The survey released Wednesday by Market Decisions of Portland shows that consumer confidence rose for more than three consecutive quarters after hitting bottom in July 2008. But since April 2009, there’s been no significant improvement.
Market Decisions President Curtis Mildner said the poll shows consumer perceptions of the economy are frozen. He says consumer spending is and will remain weak.
Nearly 45 percent of Mainers say they’re worse off than a year ago. Only one in five expect to be better off in the next year.
About 53 percent of Mainers expect periods of widespread unemployment and depression in the next five years. That’s down from 57 percent in October 2009, but significantly higher than the historic low of 30 percent in April 2000.
Sixty-one percent of Mainers expect the state to have bad financial times in the next 12 months. Forty-four percent of Mainers expect the country as a whole to have bad financial times in the next year.
Only 35 percent of Mainers say now is a good time to make a major purchase.
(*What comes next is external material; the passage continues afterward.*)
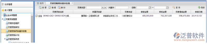 通過(guò)點(diǎn)擊功能菜單【收入管理—變更索賠管理—變更索賠項(xiàng)目基本信息】進(jìn)入變更索賠項(xiàng)目基本信息臺(tái)賬頁(yè)面,如下圖所示:

That’s down from 42 percent in October 2009 and the historic high of 85 percent in July 2000.
“With the end of federal incentives for automobile purchases, interest in major purchases has waned,” Mildner said. “Already slow, sales of big ticket items will remain so.”
In the survey, 401 Mainers 18 and older were contacted by phone July 14 to Aug. 3. The poll has a margin of error of 5 percentage points.